In a decision that likely shocked no one, the Catholic Bishops have rejected the third attempt by the Obama administration to appease their concerns over the birth control benefit in Obamacare saying it didn’t offer enough protections for religiously affiliated businesses and universities that object to providing insurance coverage for contraception.
Instead of working with the administration toward common ground the Bishops also announced they’d continue to fight the benefit in court where so far almost fifty lawsuits challenging the administration are working their way through the federal courts.
At this point the only question that remains is why the Obama administration insists on trying to negotiate or work with the Bishops.
The latest accommodation announced by the administration expanded the definition of religiously affiliated entities so that more nonprofit hospitals, nursing homes and other charities fall under the definition. The expansion matches the definition used by the Internal Revenue System and, so far, the Bishops have not complained about the IRS definition in the decades it has been in existence.
Under the latest proposal, religiously affiliated nonprofit groups that object to providing birth control coverage on religious grounds would not have to pay for it. Instead, women who work for such organizations could get contraceptive coverage through separate individual health insurance policies.

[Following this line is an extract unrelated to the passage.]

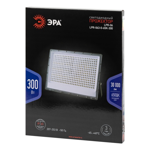 • Прожектор светодиодный ЭРА PRO LPR-063-0-65K-300 300W 6500K 30000Lm IP65 черный корпус алюминий
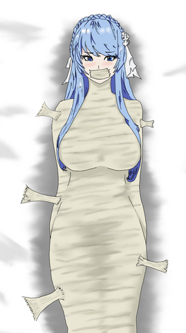 thank you very much man. I love it so much. At some point in the show she wears bandages around her whole body so i think a mummification is a great way to restrain her.

The institution objecting to the coverage would not pay for the contraceptives. Rather, the costs would be paid by an insurance company, with the possibility that it could recoup the costs through lower health care expenses resulting in part from fewer births. The administration refused to grant an exemption or accommodation to secular businesses owned by people who said they objected to contraceptive coverage on religious grounds.
According to the New York Times, the Bishops believe it is not enough to shield these employers from any financial obligation related to the benefit. Instead, every person should be able to opt out, regardless if their business is religious in nature or is secular and for-profit. “In obedience to our Judeo-Christian heritage,” Cardinal Dolan said, “we have consistently taught our people to live their lives during the week to reflect the same beliefs that they proclaim on the Sabbath. We cannot now abandon them to be forced to violate their morally well-informed consciences.”
Shocking, I know.
Nothing short of completely abandoning Obamacare will satisfy the Bishops. They have taken it upon themselves to politick in the name of the church and in doing so have alienated many Catholics and most reasonable-minded people. A person’s religious beliefs do not shield them or enable them to break the law or discriminate, a point the Supreme Court has made abundantly clear. But for now it looks like it’s an issue the Court will re-visit all while women who work for religiously-affiliated hospitals, schools or other charities, find their health care passed around like a political football by a bunch of men.